All entries must be received by 12noon on Tuesday 29th March.

Happy colouring! 

Tuesday, 9 February 2016


Micro-chipping is available at Arden House for ALL pets - the cost is £15.00
Do book an appointment!

By 6 April 2016, all dogs in England and Wales must be micro-chipped ( with Scotland to follow) - it's the law! 
As well as being micro-chipped, it is still a legal requirement for dogs to wear a collar and tag with the owner’s name and address on it when in a public place.

Click here for more information- compulsory micro-chipping

Micro-chipping your pet gives them the best chance of being identified and returned to you if they become lost or stolen.

What is a microchip?

A pet microchip is a tiny computer chip that’s about the size of a grain of rice. It contains a unique code that matches up to your pet’s details. Micro-chipping your pet  is a quick and simple procedure. The chip is inserted under their skin, usually around the scruff of the neck, using a needle. It takes seconds.

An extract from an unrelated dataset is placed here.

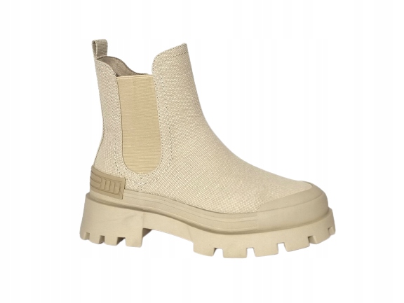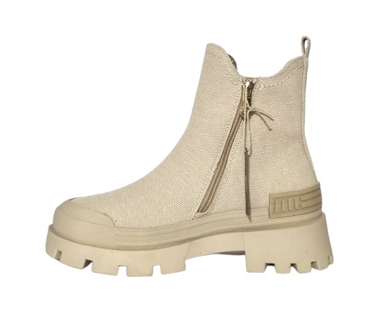 - Damskie botki typu sztyblety wykonane z tkaniny w beżowym kolorze. Model wyposażony w suwak.
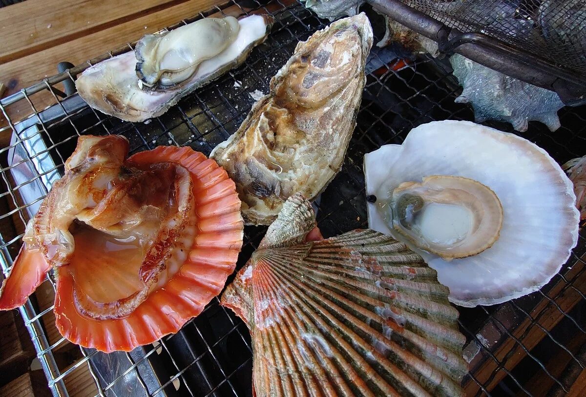 新鮮な貝類を中心に、生簀から選んでその場で焼く浜焼きバイキングが名物だ。

Once in place, the microchip can be detected immediately with a handheld device that uses radio waves to read the chip, displaying a unique code attached to your pet’s details.

Once your pet is chipped, they must be registered to the database, so it is important that the paperwork we provide you is posted to the company ( or it can be completed on-line). You should receive confirmation from the database that your pet has been registered.

Important reminder: 
If you move and have a change of address, phone number or a change of name, don’t forget to update your pet's details. 
To do this, get in touch with the database that holds your pet's details. Depending on which database your pet is registered with, you might be able to do this over the phone or online, or you may have to do so by post.
This is so important as if the information is incorrect then you can't be traced.